Only the lines from the one that contains "1952 Aufführung des" to the last line below, both included, should be transcribed. Pictures stay out of the copy.

Available data |
'''

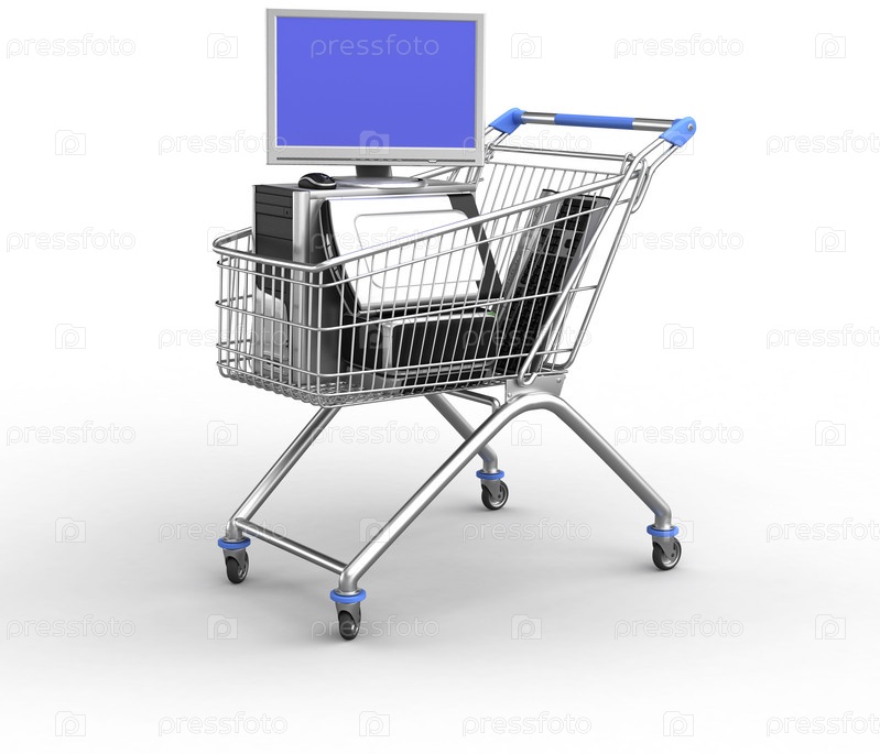 Компьютер в продуктовой тележке
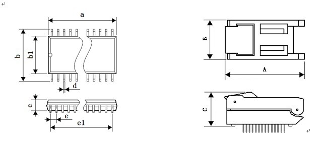 产 品 型 号 IC封装 a b b1 c d e e1 A B C 083-0127-140 FP14 13.0 10.65 7.60 2.65 0.51 1.27 7.62 40.20 20.0 16.4 083-0127-160 FP16 13.0 10.65 7.60 2.65 0.51 1.27 8.89 40.20 20.0 16.4 083-0127-180 FP18 13.0 10.65 7.60 2.65 0.51 1.27 10.16 40.20 20.0 16.4 083-0127-200 FP20 13.0 10.65 7.60 2.65 0.51 1.27 11.43 40.20 20.0 16.4 083-0127-240 FP24 13.0 10.65 7.60 2.65 0.51 1.27 13.97 40.20 20.0 16.4 083-0127-280 FP28 13.0 10.65 7.60 2.65 0.51 1.27 16.51 40.20 20.0 16.4DESCRIPTION & ORDERING INFORMATION
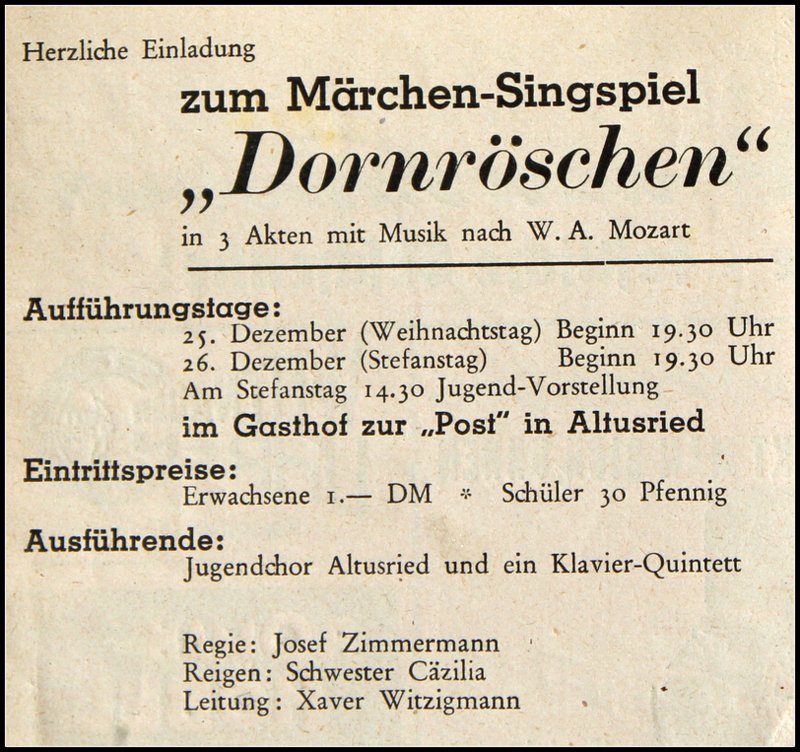 1952 Aufführung des Märchen - Singspiel Dornröschen . Regie Joseph Zimmermann, Leitung Xaver Witzigmann
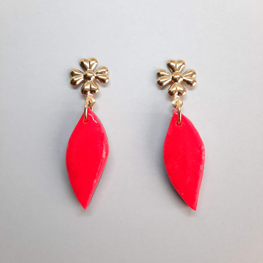 Pendientes España Rosa Neon con Base Dorada

'''

Solution |
 1952 Aufführung des Märchen - Singspiel Dornröschen . Regie Joseph Zimmermann, Leitung Xaver Witzigmann
 Pendientes España Rosa Neon con Base Dorada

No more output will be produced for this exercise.